*Work to complete:* Everything in the listing below except the pictures should be reproduced exactly.

*Data extract:*
──────

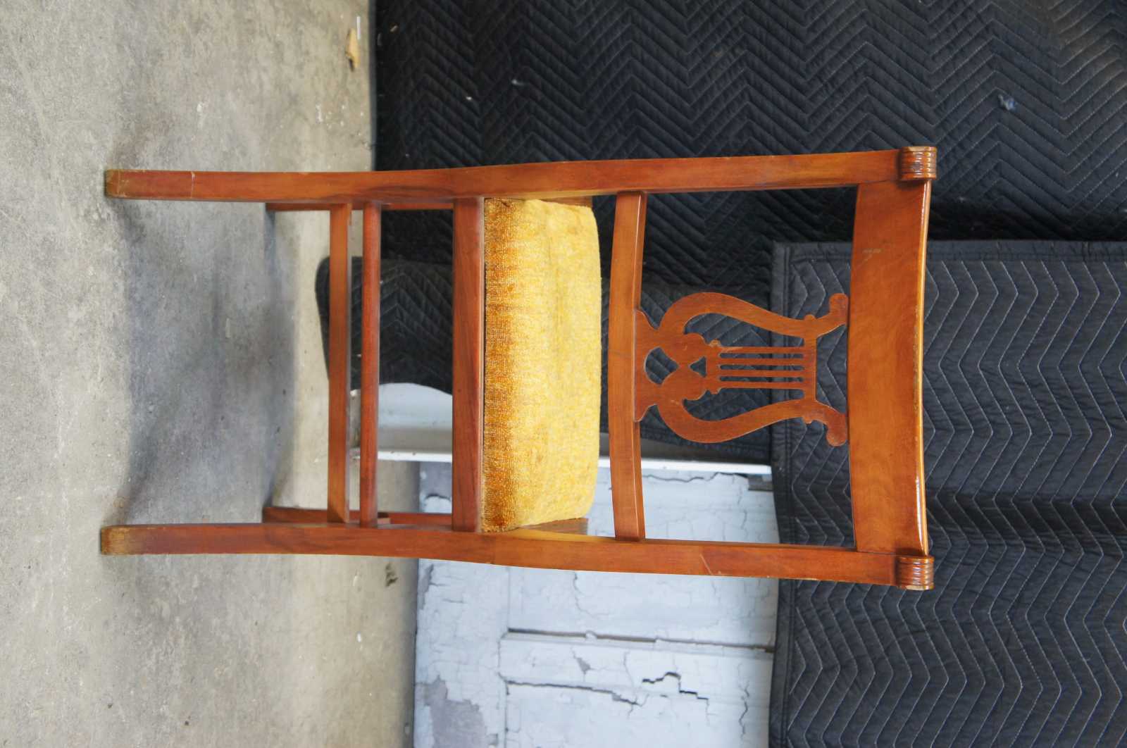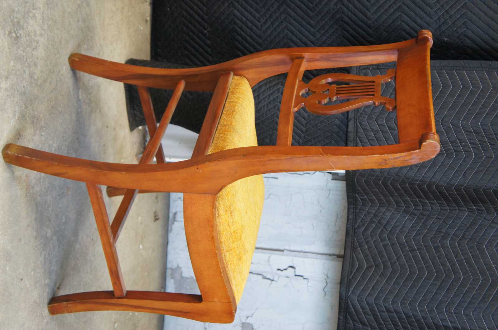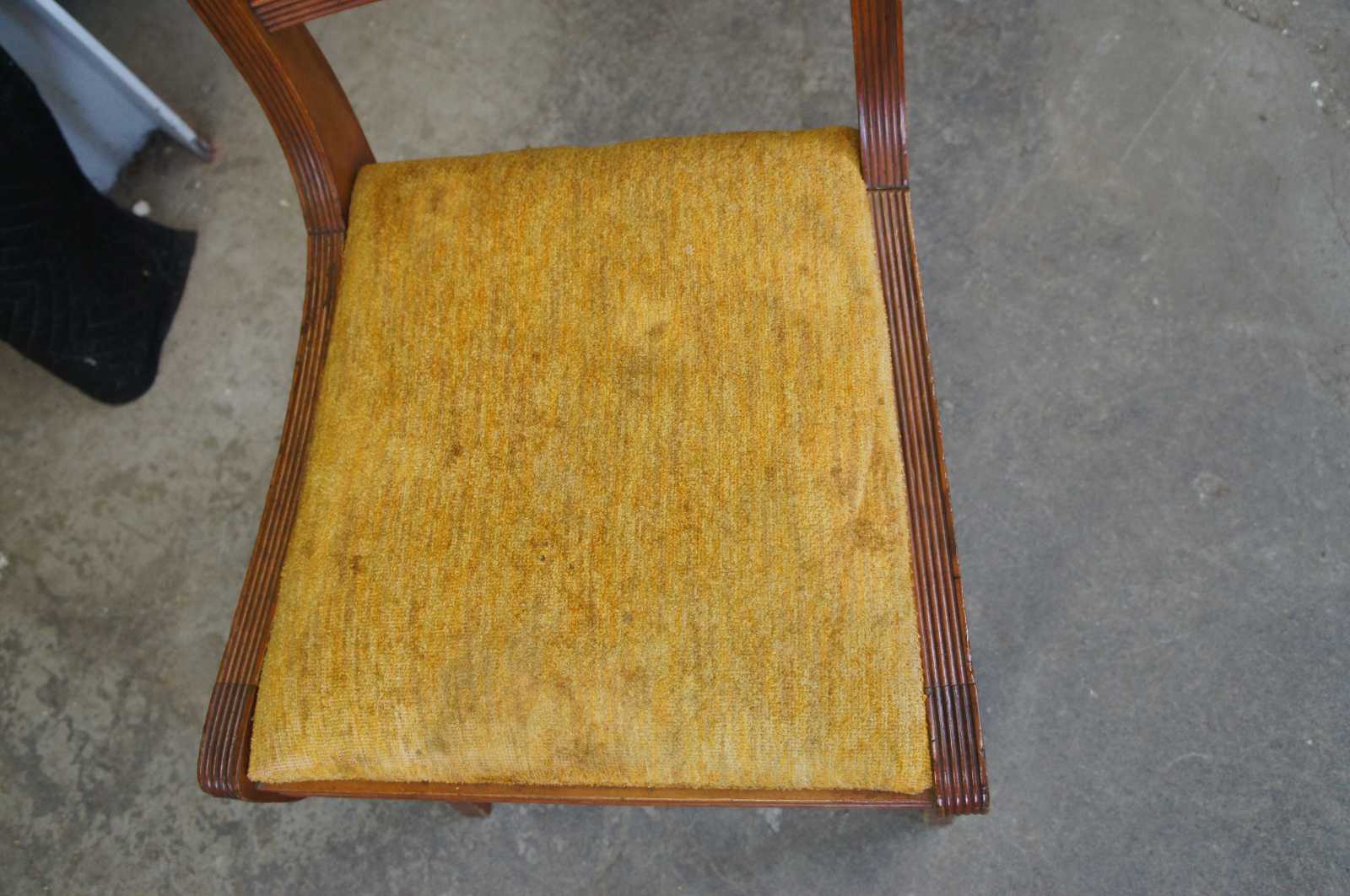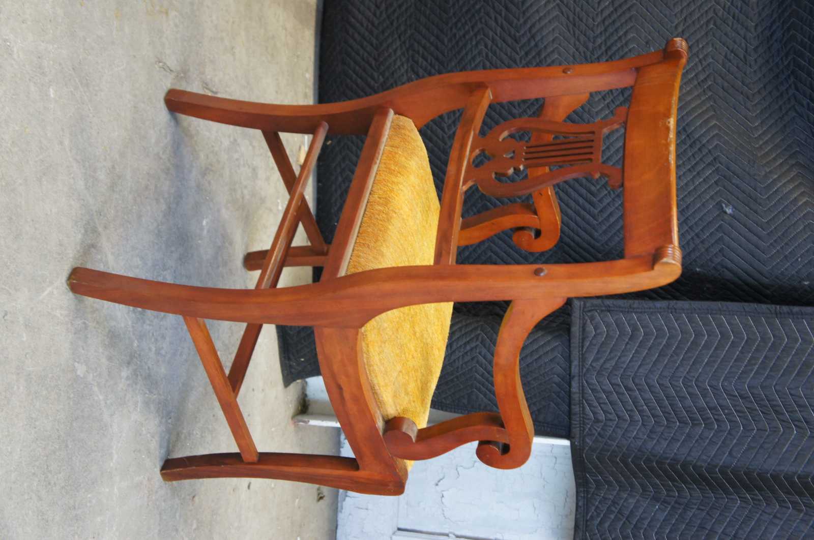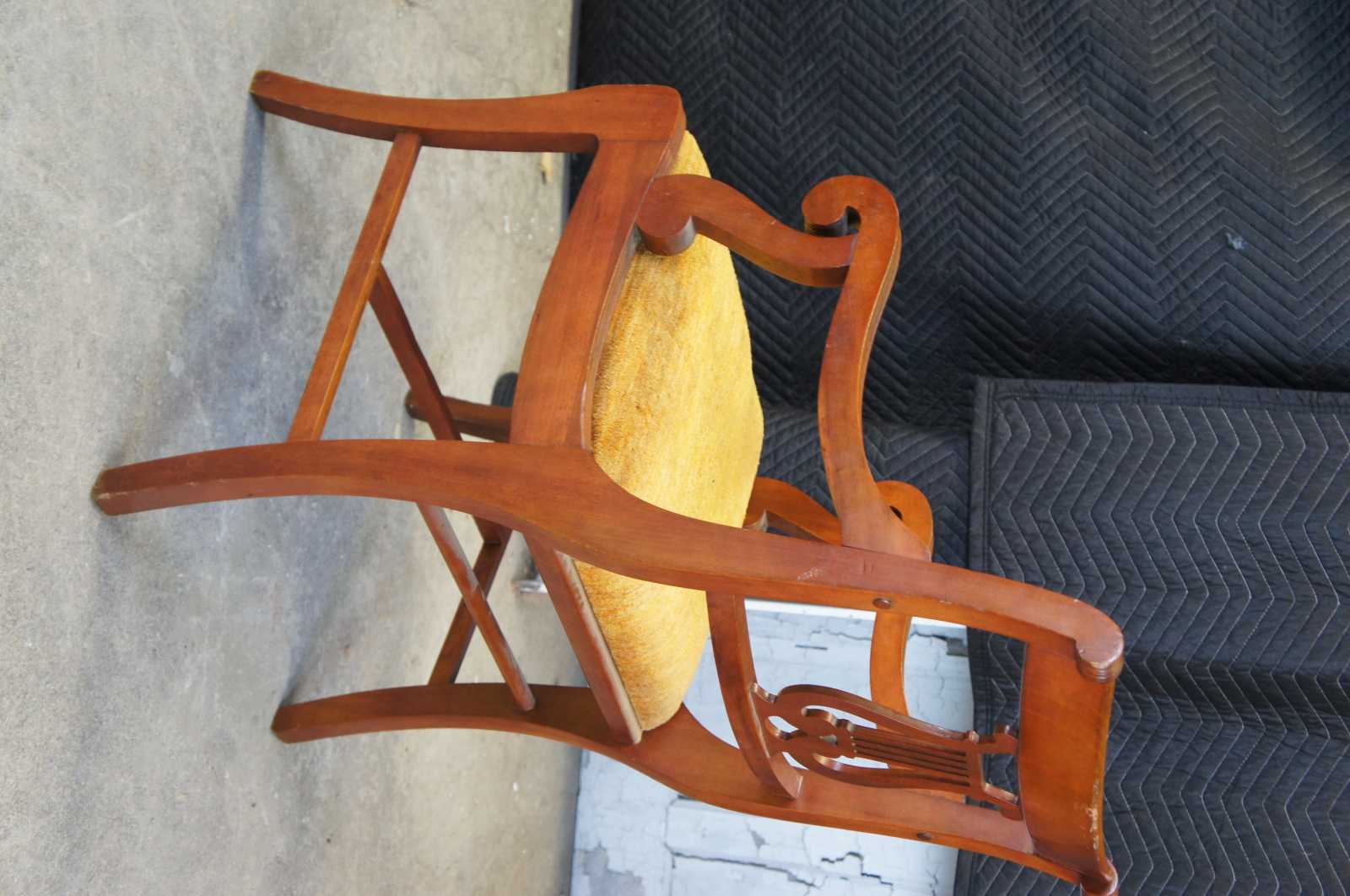 Six Duncan Phyfe dining chairs, circa mid 20th century. Made of mahogany featuring serpentine form with a lyre harpe back and fluted accents. 705-185, H-6746.
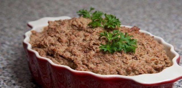 Podeu fer servir un petit secret per reduir l’olor natural del fetge del berenar acabat. Després de fregir els ingredients principals, s’afegeix al plat alls picats frescos. El plat adquireix un característic aroma brillant que no deixarà indiferent a ningú. Per a la recepta de paté de fetge necessitareu:
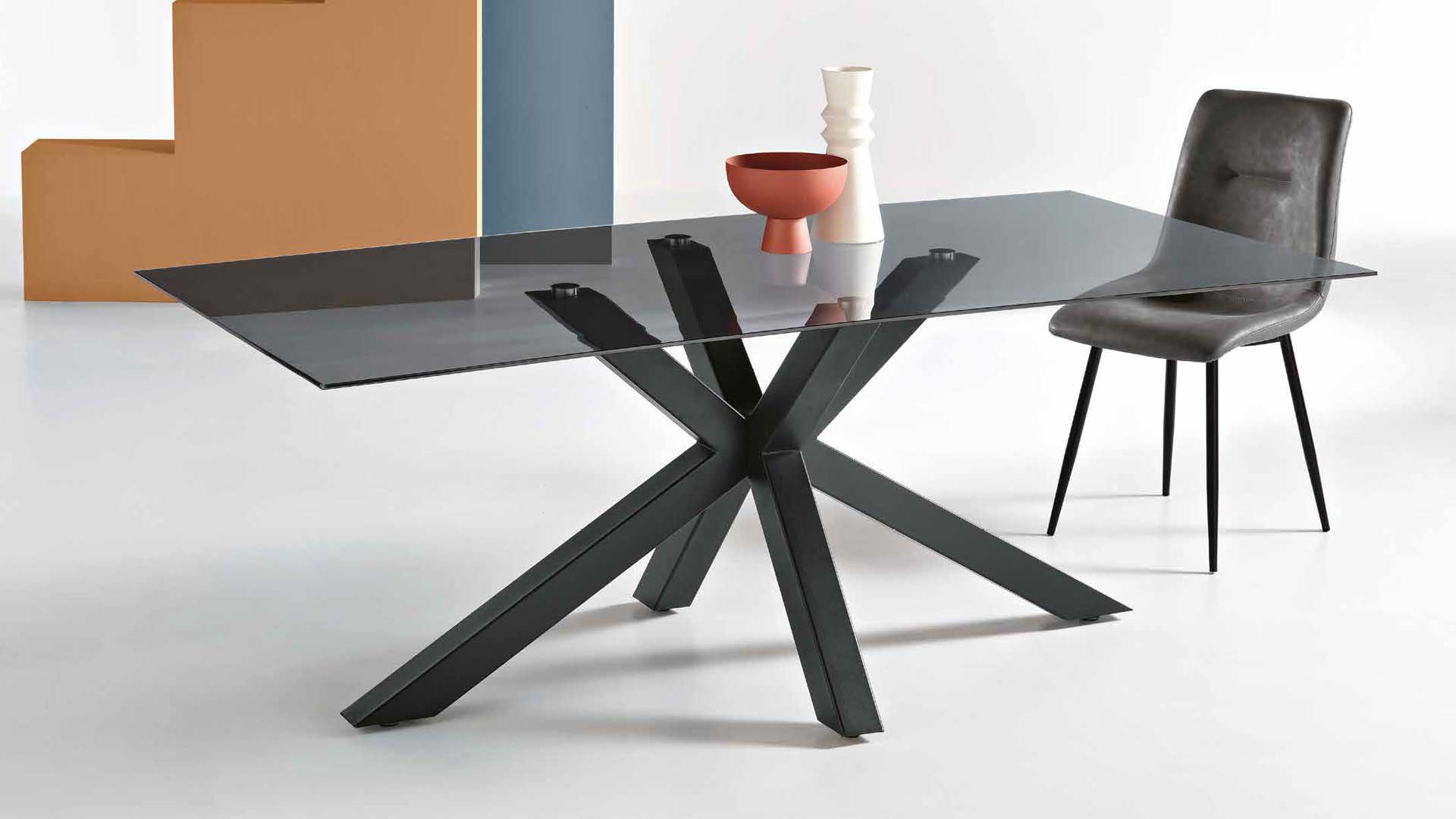 Elegante tavolo fisso realizzato con una robusta struttura in acciaio verniciato sovrastata da un piano in vetro temperato resistente e perfetto per durare nel tempo anche con un utilizzo quotidiano.
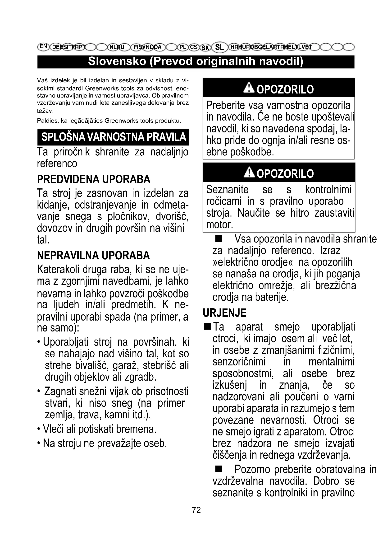 DE ES IT FR PTNL RUFI SV NO DA HR HU RO BG EL AR TR HE LT LV ET OPOZORILO Preberite vsa varnostna opozorila in navodila. Če ne boste upoštevali navodil, ki so navedena spodaj, la- hko pride do ognja in/ali resne os- ebne poškodbe. OPOZORILO Seznanite se s kontrolnimi ročicami in s pravilno uporabo stroja. Naučite se hitro zaustaviti motor. Vsa opozorila in navodila shranite za nadaljnjo referenco. Izraz »električno orodje« na opozorilih se nanaša na orodja, ki jih poganja električno omrežje, ali brezžična orodja na baterije. URJENJE Ta aparat smejo uporabljati otroci, ki imajo osem ali več let, in osebe z zmanjšanimi fizičnimi, senzoričnimi in mentalnimi sposobnostmi, ali osebe brez izkušenj in znanja, če so nadzorovani ali poučeni o varni uporabi aparata in razumejo s tem povezane nevarnosti. Otroci se ne smejo igrati z aparatom. Otroci brez nadzora ne smejo izvajati čiščenja in rednega vzdrževanja. Pozorno preberite obratovalna in vzdrževalna navodila. Dobro se seznanite s kontrolniki in pravilno Vaš izdelek je bil izdelan in sestavljen v skladu z vi- sokimi standardi Greenworks tools za odvisnost, eno- stavno upravljanje in varnost upravljavca. Ob pravilnem vzdrževanju vam nudi leta zanesljivega delovanja brez težav. Paldies, ka iegādājāties Greenworks tools produktu.

──────

*Solution to the problem:*
 Six Duncan Phyfe dining chairs, circa mid 20th century. Made of mahogany featuring serpentine form with a lyre harpe back and fluted accents. 705-185, H-6746.
 Podeu fer servir un petit secret per reduir l’olor natural del fetge del berenar acabat. Després de fregir els ingredients principals, s’afegeix al plat alls picats frescos. El plat adquireix un característic aroma brillant que no deixarà indiferent a ningú. Per a la recepta de paté de fetge necessitareu:
 Elegante tavolo fisso realizzato con una robusta struttura in acciaio verniciato sovrastata da un piano in vetro temperato resistente e perfetto per durare nel tempo anche con un utilizzo quotidiano.
 DE ES IT FR PTNL RUFI SV NO DA HR HU RO BG EL AR TR HE LT LV ET OPOZORILO Preberite vsa varnostna opozorila in navodila. Če ne boste upoštevali navodil, ki so navedena spodaj, la- hko pride do ognja in/ali resne os- ebne poškodbe. OPOZORILO Seznanite se s kontrolnimi ročicami in s pravilno uporabo stroja. Naučite se hitro zaustaviti motor. Vsa opozorila in navodila shranite za nadaljnjo referenco. Izraz »električno orodje« na opozorilih se nanaša na orodja, ki jih poganja električno omrežje, ali brezžična orodja na baterije. URJENJE Ta aparat smejo uporabljati otroci, ki imajo osem ali več let, in osebe z zmanjšanimi fizičnimi, senzoričnimi in mentalnimi sposobnostmi, ali osebe brez izkušenj in znanja, če so nadzorovani ali poučeni o varni uporabi aparata in razumejo s tem povezane nevarnosti. Otroci se ne smejo igrati z aparatom. Otroci brez nadzora ne smejo izvajati čiščenja in rednega vzdrževanja. Pozorno preberite obratovalna in vzdrževalna navodila. Dobro se seznanite s kontrolniki in pravilno Vaš izdelek je bil izdelan in sestavljen v skladu z vi- sokimi standardi Greenworks tools za odvisnost, eno- stavno upravljanje in varnost upravljavca. Ob pravilnem vzdrževanju vam nudi leta zanesljivega delovanja brez težav. Paldies, ka iegādājāties Greenworks tools produktu.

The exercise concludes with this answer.